# [Aim of the exercise]
Every line from the one with "בכל הסוויטות מטבחון" through the end of the entries below should be written out exactly; the pictures should not.

======== Data records ========

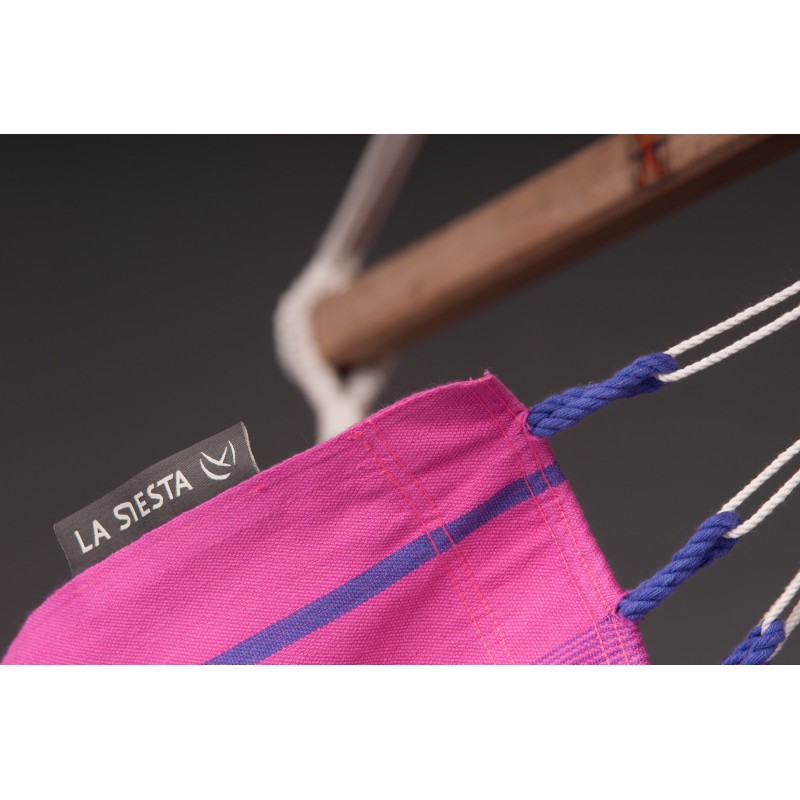 Le Hamac One Orquídea basic, existe dans des tons chauds et ensoleillés, frais et bleus comme l’océan, verts plein de vie d’une prairie d’été ou dans des tons violets idylliques. Pour accrocher dans la maison ou à l'extérieur. Il est fabriqué en Colombie en pur coton de qualité supérieure. Les lisières renforcées rendent le tissu indéchirable. Les nombreux cordons de suspensions permettent une répartition du poids optimale et ainsi assure confort et longévité du produit. Le tourbillon intégré permet de pouvoir tourner à 360° en toute sécurité autour de l’axe de suspension. La barre d’écartement en bambou de très bonne qualité n’est pas seulement un délice pour les yeux, il est aussi particulièrement solide et résistant aux intempéries. Le bois utilisé est issu de la gestion forestière responsable FSC™.
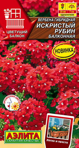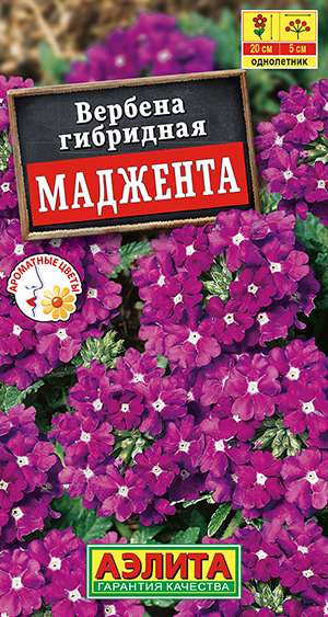Крупноцветковая кустовая вербена для ландшафтного и балконного озеленения. Растения из серии «Тускани» выравненные по габитусу, очень компактные, прекрасно ветвятся и дружно зацветают. Высота густых кустиков составляет около 20-25 см, диаметр душистых соцветий достигает 6-8 см. Вербена — культура длинного дня, 12–14-часовой световой день улучшает качество ее цветения. При соблюдении агротехники от посева до появления первых цветков проходит 12-14 недель. Каждое распустившееся соцветие надолго сохраняет декоративный вид. Удивительные окраски этой вербены, легко выращиваемой из семян, привлекают в сад полезных насекомых-опылителей и радуют взор вплоть до устойчивых заморозков.
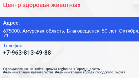 Центр здоровья животных по адресу 675000, Амурская область, Благовещенск, 50 лет Октября, 71 в дальнейшем Организация, размещена в следующих категориях:
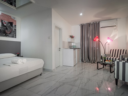 בכל הסוויטות מטבחון הכולל מיני מקרר ופינת קפה וכן פינת ישיבה עם כורסאות ושולחן קפה בחלל החדר.
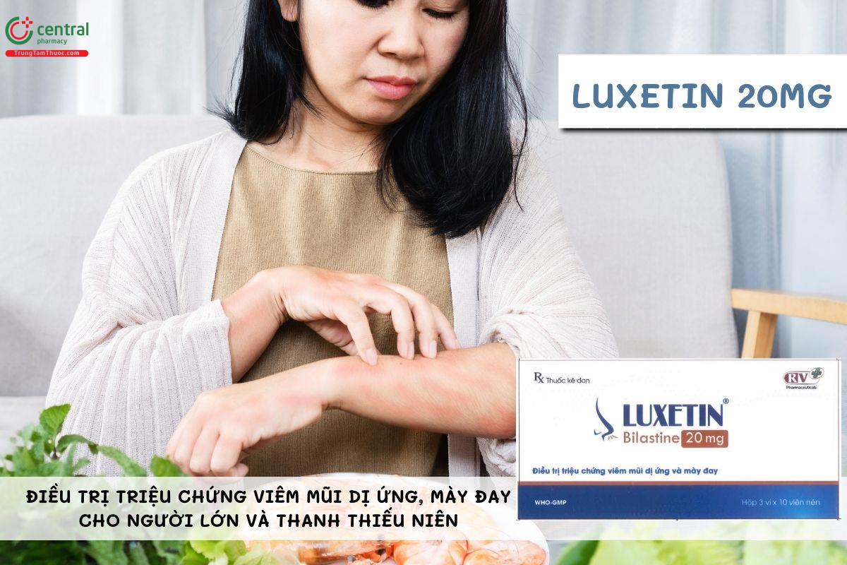 Thuốc Luxetin 20mg được chỉ định dùng cho người lớn và trẻ em từ 12 tuổi trở lên với mục đích điều trị triệu chứng viêm mũi dị ứng (quanh năm hoặc theo mùa) và mày đay.[1]

========

# [Solution for this problem]
 בכל הסוויטות מטבחון הכולל מיני מקרר ופינת קפה וכן פינת ישיבה עם כורסאות ושולחן קפה בחלל החדר.
 Thuốc Luxetin 20mg được chỉ định dùng cho người lớn và trẻ em từ 12 tuổi trở lên với mục đích điều trị triệu chứng viêm mũi dị ứng (quanh năm hoặc theo mùa) và mày đay.[1]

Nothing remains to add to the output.